According to a report in Portland Press-Herald, the new “hotel linkage fee” would apply only to new hotels being built and would not be applied retroactively to the 2,850 hotel rooms across the city’s lodging sector. City officials anticipate approximately 400 hotel rooms will be built in Portland by 2020, and the proposed fee would generate $2 million in fees.
“That’s real money,” Mayor Ethan Strimling said.
The fee being recommended is the result of a study conducted by the Greater Portland Council of Governments which found that Portland is adding hotel rooms much faster than the national average.
From 2013-2016, the number of hotel rooms increased by 14.6 percent, compared to the national average of 2.9 percent, he said. The research also showed that hotels have a return on investment that’s three to five times greater than other commercial sectors, including restaurants, retail and office space. And even with that growth in hotel rooms, nightly rates and the revenue per room-night have continued to increase.

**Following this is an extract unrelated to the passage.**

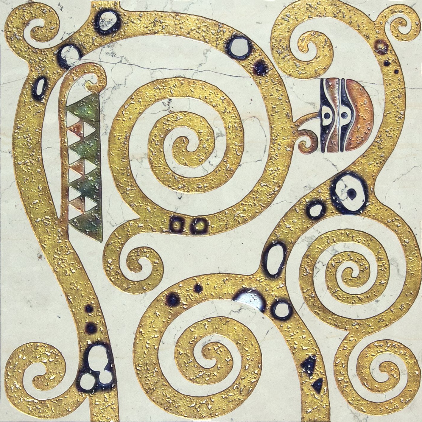 KLIMT INSPIRATION THE KISS PANELcm 100x140x1 Rielaborazione su marmo biancone acidato, metallizzato composto da 2 pc cm 70x100x1 TREE OF LIFECm 40x40x1 Biancone, metallizzato THE KISScm 40x40x1 biancone, metallizzato

“Clearly the data suggests that the hotel market is one of the most lucrative in Portland and that’s partially why we’re seeing so many hotel proposals in the city,” said Planning and Urban Development Director Jeff Levine. The city currently has 2,850 hotel rooms, with hundreds more in the pipeline, he said.

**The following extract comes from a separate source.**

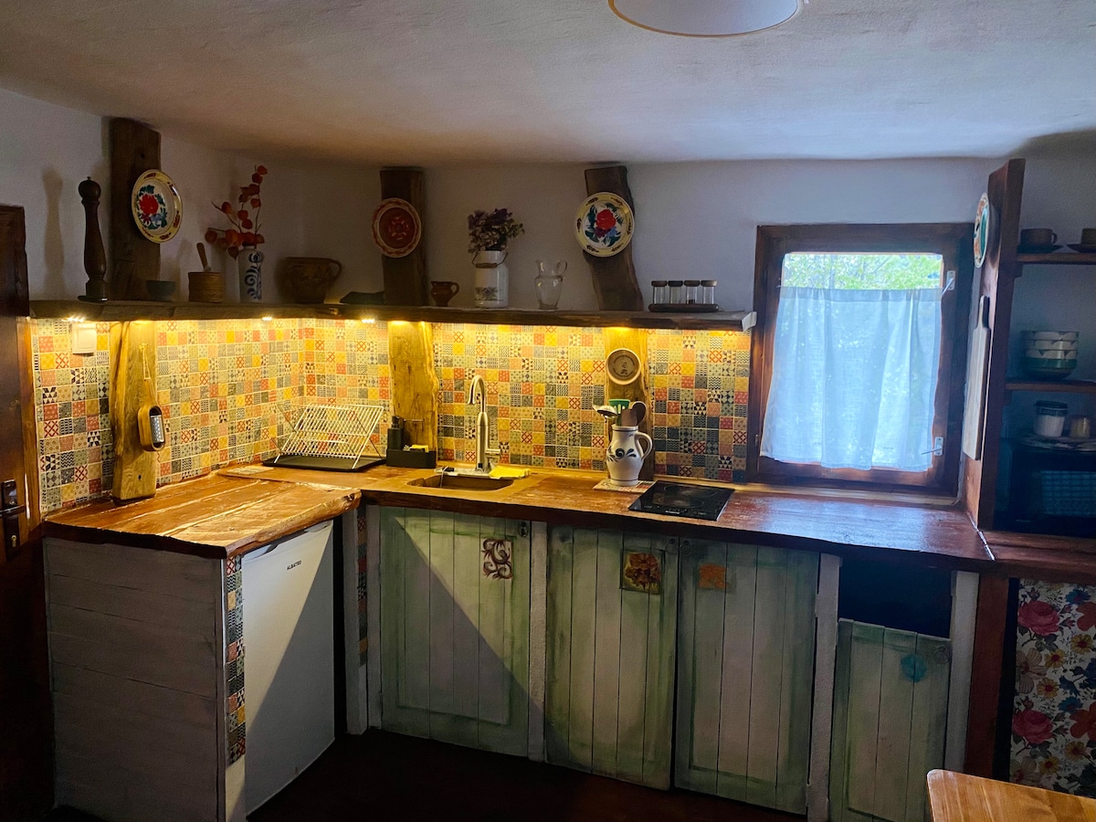 Ngôi nhà tự nhiên, ẩn mình trong sườn núi,nằm trong khung cảnh cổ tích. Trải nghiệm tử tế!Vị trí khoảng 5 ha mời bạn thư giãn, nghỉ ngơi và kết nối lại với thiên nhiên. Nhà nghỉ thôn dã, mát mẻ vào mùa hè và ấm áp vào mùa đông,được thiết kế để đảm bảo sự thoải mái tối ưu trong bất kỳ mùa nào. Với diện tích 30 m2, phòng tắm riêng, giường đôi, bếp củi và sân thượng rộng rãi,nó cung cấp một kỳ nghỉ thực sự độc đáo. KHU VỰC HÚT THUỐC này cách xa các ngôi nhà. Bếp ngoài trời được chia sẻ giữa hai ngôi nhà.

Levine added that hotel developers would have the option of avoiding the fee by providing one low-income housing unit for every 20 hotel rooms either on-site or at another location.
Local hotel developers have angrily questioned why their industry is being targeted as the sole cash source for new affordable housing, and Mayor Ethan Strimling stated he preferred widening the linkage fee to all commercial properties.
“I certainly support going more broadly, but I’m ready to support this so we can get this in place,” Strimling said. “I don’t want the Planning Board going backwards on this or feeling pressure from the hotel industry to reduce the fee below what’s being recommended.”